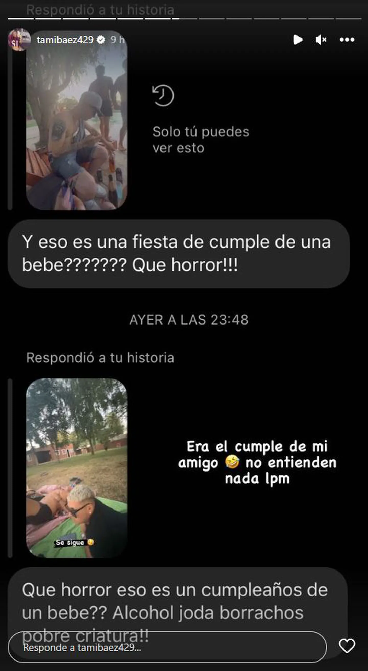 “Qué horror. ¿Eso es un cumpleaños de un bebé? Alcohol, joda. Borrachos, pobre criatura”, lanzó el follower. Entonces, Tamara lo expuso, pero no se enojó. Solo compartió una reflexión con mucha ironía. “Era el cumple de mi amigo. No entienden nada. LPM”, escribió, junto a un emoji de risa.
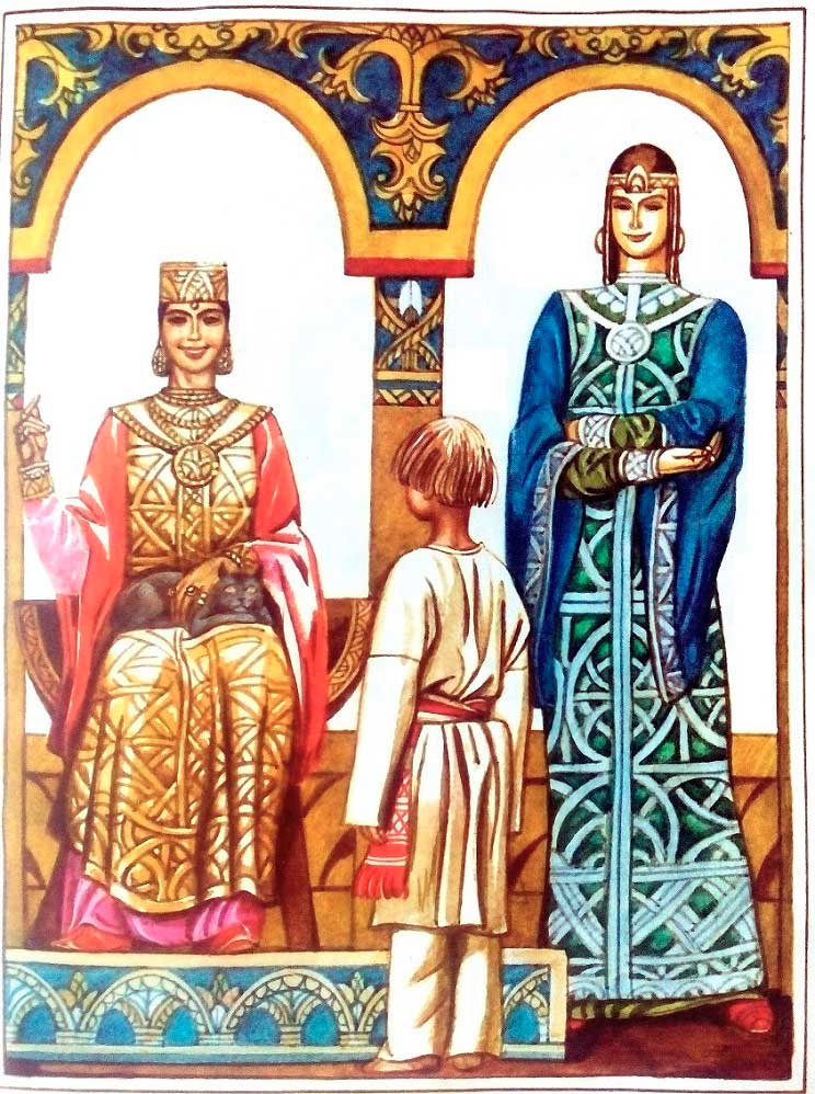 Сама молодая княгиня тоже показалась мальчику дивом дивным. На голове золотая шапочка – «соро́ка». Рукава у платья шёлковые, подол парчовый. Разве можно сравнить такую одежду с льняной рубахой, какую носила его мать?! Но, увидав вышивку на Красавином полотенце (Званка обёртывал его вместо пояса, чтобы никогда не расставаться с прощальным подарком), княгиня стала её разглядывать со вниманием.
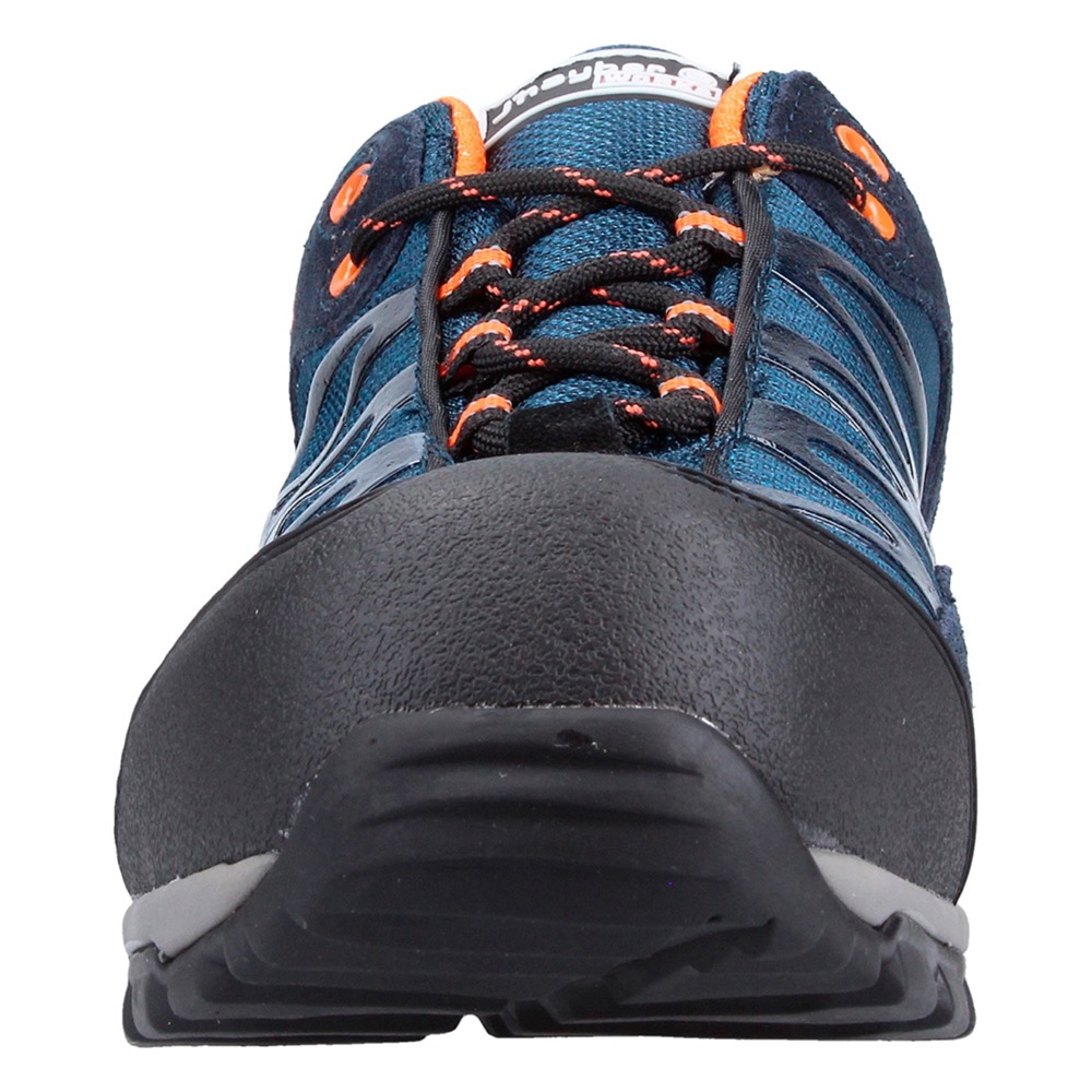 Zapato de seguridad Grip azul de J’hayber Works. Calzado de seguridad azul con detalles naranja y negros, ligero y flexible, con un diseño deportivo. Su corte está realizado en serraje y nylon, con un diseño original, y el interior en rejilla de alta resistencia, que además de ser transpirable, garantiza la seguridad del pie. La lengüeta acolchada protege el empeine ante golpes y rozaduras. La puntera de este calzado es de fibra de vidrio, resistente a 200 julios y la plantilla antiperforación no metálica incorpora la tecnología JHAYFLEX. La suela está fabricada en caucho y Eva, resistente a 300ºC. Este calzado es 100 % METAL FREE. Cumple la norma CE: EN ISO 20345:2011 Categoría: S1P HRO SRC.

* * *

_Exercise requirements_. The range to set down runs from the line containing "Сама молодая княгиня" through the final line of the data, both ends included; give it exactly and drop the pictures.

_Solution below_.
 Сама молодая княгиня тоже показалась мальчику дивом дивным. На голове золотая шапочка – «соро́ка». Рукава у платья шёлковые, подол парчовый. Разве можно сравнить такую одежду с льняной рубахой, какую носила его мать?! Но, увидав вышивку на Красавином полотенце (Званка обёртывал его вместо пояса, чтобы никогда не расставаться с прощальным подарком), княгиня стала её разглядывать со вниманием.
 Zapato de seguridad Grip azul de J’hayber Works. Calzado de seguridad azul con detalles naranja y negros, ligero y flexible, con un diseño deportivo. Su corte está realizado en serraje y nylon, con un diseño original, y el interior en rejilla de alta resistencia, que además de ser transpirable, garantiza la seguridad del pie. La lengüeta acolchada protege el empeine ante golpes y rozaduras. La puntera de este calzado es de fibra de vidrio, resistente a 200 julios y la plantilla antiperforación no metálica incorpora la tecnología JHAYFLEX. La suela está fabricada en caucho y Eva, resistente a 300ºC. Este calzado es 100 % METAL FREE. Cumple la norma CE: EN ISO 20345:2011 Categoría: S1P HRO SRC.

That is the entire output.